Inverse Quantum Potential Reconstruction via Generalized Bertlmann-Martin Inequalities
M. Gage Plott, F. Ayca Cetinkaya, Rick Mukherjee
TL;DR
This work tackles the inverse problem of reconstructing a 1D quantum potential from limited bound-state data by proposing a Laplace-moment reconstruction pipeline that leverages generalized Bertlmann--Martin inequalities to constrain even moments, supplements odd moments with a principled interpolation, and stabilizes the transform via Padé continuation before inverting to obtain $\rho(r)$ and $V(r)$. The method assembles a reproducible pipeline with four stages: GBM-based moment ladders, Laplace representation of $r^2\rho(r)$, Padé-based analytic continuation with model averaging, and inverse Laplace inversion to recover the density and potential, including a practical density-to-potential mapping on a regulated grid. Benchmark studies across Coulomb, harmonic oscillator, Hulthén, Kratzer, and a hyperbolic molecular well demonstrate accurate reconstruction with minimal input (often 7–22 spectral inputs) and show that GBM–Laplace outperforms a least-squares baseline in data efficiency and stability. The approach emphasizes transparency, reproducibility, and tunable diagnostics, offering a viable path for experimental contexts where only a handful of bound-state energies are accessible.

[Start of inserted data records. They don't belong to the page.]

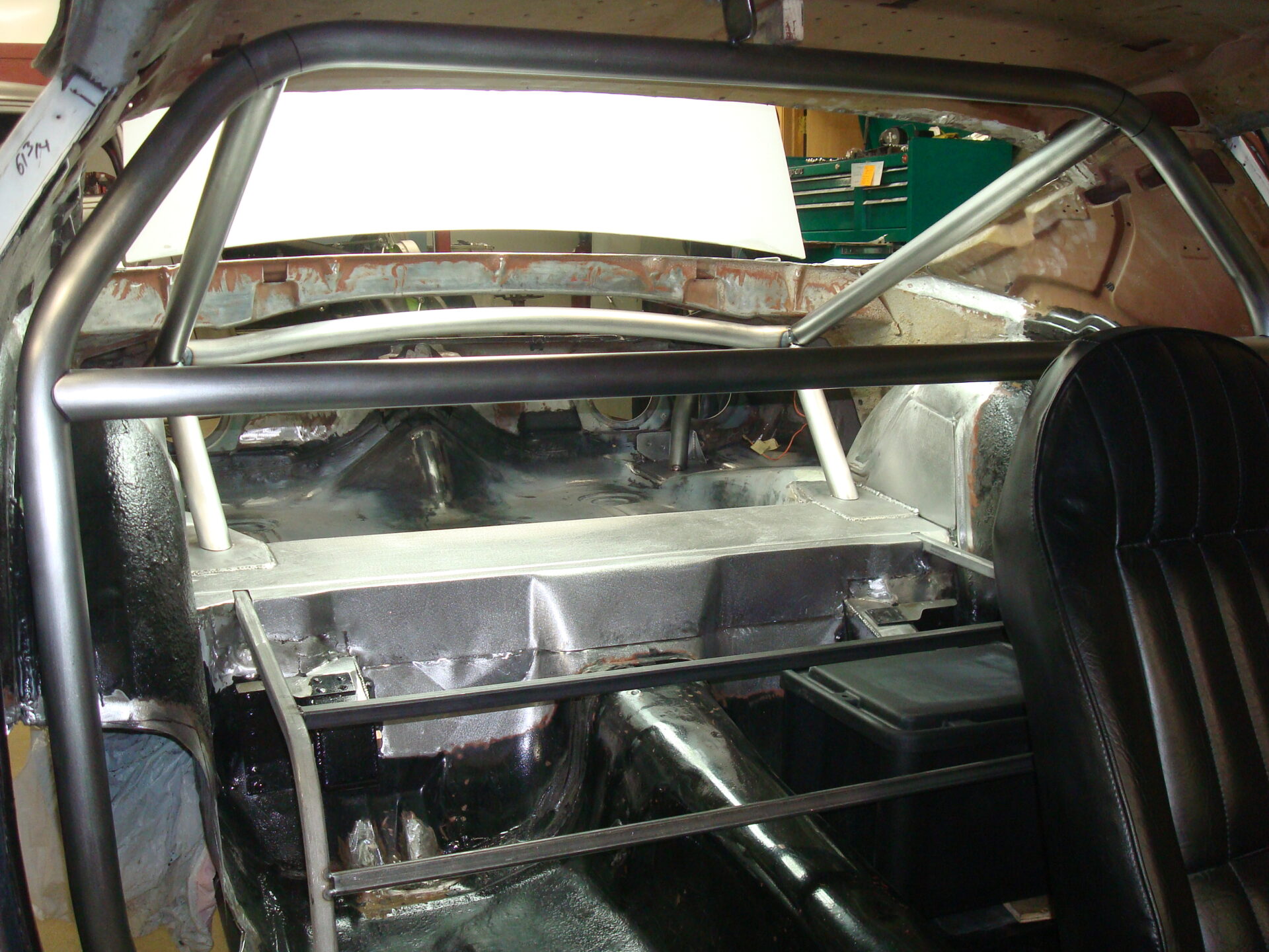 Inside the cockpit, you’ll notice a handful of drastic changes from its original configuration. The most obvious is the lack of any dash structure in the vehicle. The custom-formed chromoly tube roll cage snakes through the interior purposefully. The only thing directly in front of the driver is the minimalist gauge cluster that floats above the steering column support cross tube. The seats have been moved back to create a two-seater driving experience. The driver’s side pedal box houses the new brake and throttle pedal assembly, complete with custom non-skid aluminum foot plates.
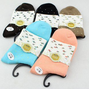 批發(fā)女襪子 女士全棉松羅口翠花 可愛中筒秋冬款女襪 諸暨襪子
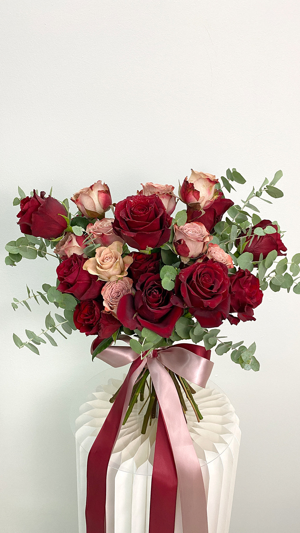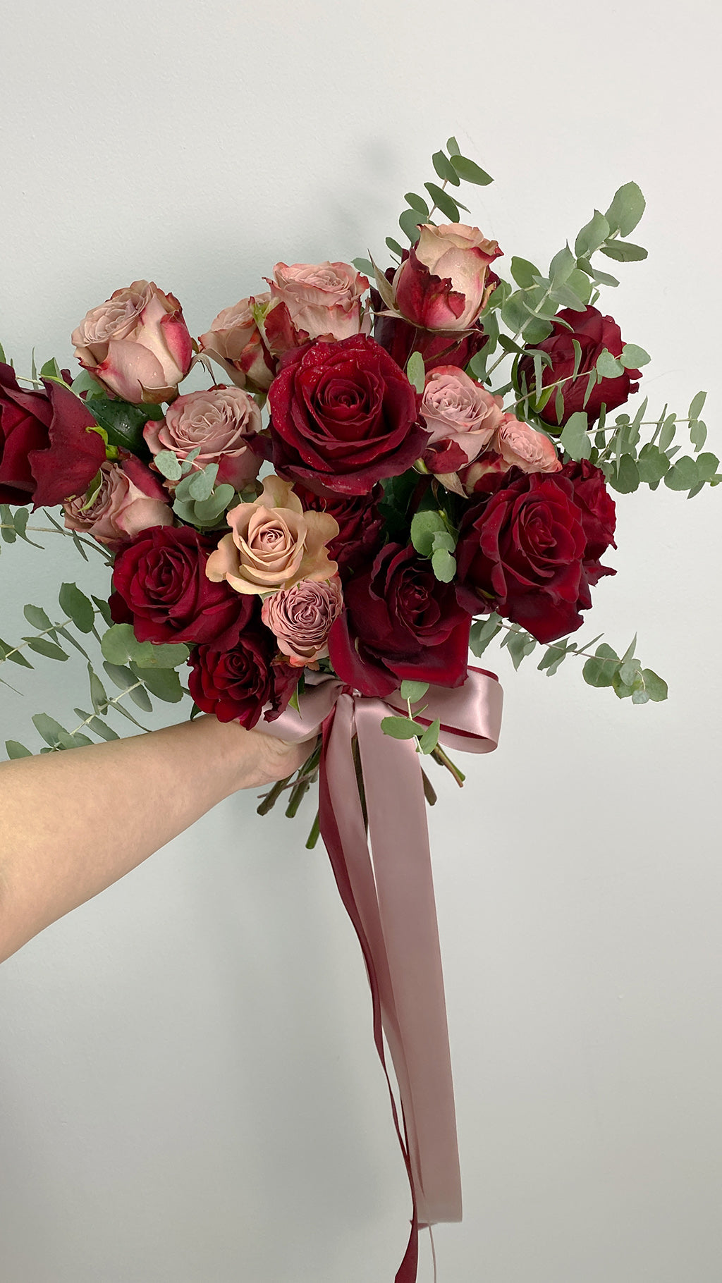 A rustic and elegant mix of dark red and cappuccino roses gracefully accompanied by the refreshing aroma of eucalyptus.

Overall, the paper advances a data-efficient, transform-based inverse method for quantum potentials with broad applicability to bound-state systems and provides a detailed reproducibility framework for future validation.
Abstract
Reconstructing a 1D quantum potential V(r) from a few bound-state energies is a long-standing inverse problem. We present a Laplace-moment reconstruction pipeline that ties the Bertlmann-Martin gap bound to generalized Bertlmann-Martin (GBM) even-moment ladders, continues the Laplace image with Pade approximants, and inverts the transform to recover rho(r) and V(r). Odd moments are supplied by a physically consistent interpolation scheme. The paper emphasizes mode ladders that isolate each approximation layer and a reproducibility spine that records benchmark settings and diagnostics. All numerical results are tied to archived configurations, and conclusions are reported empirically under the stated benchmark settings.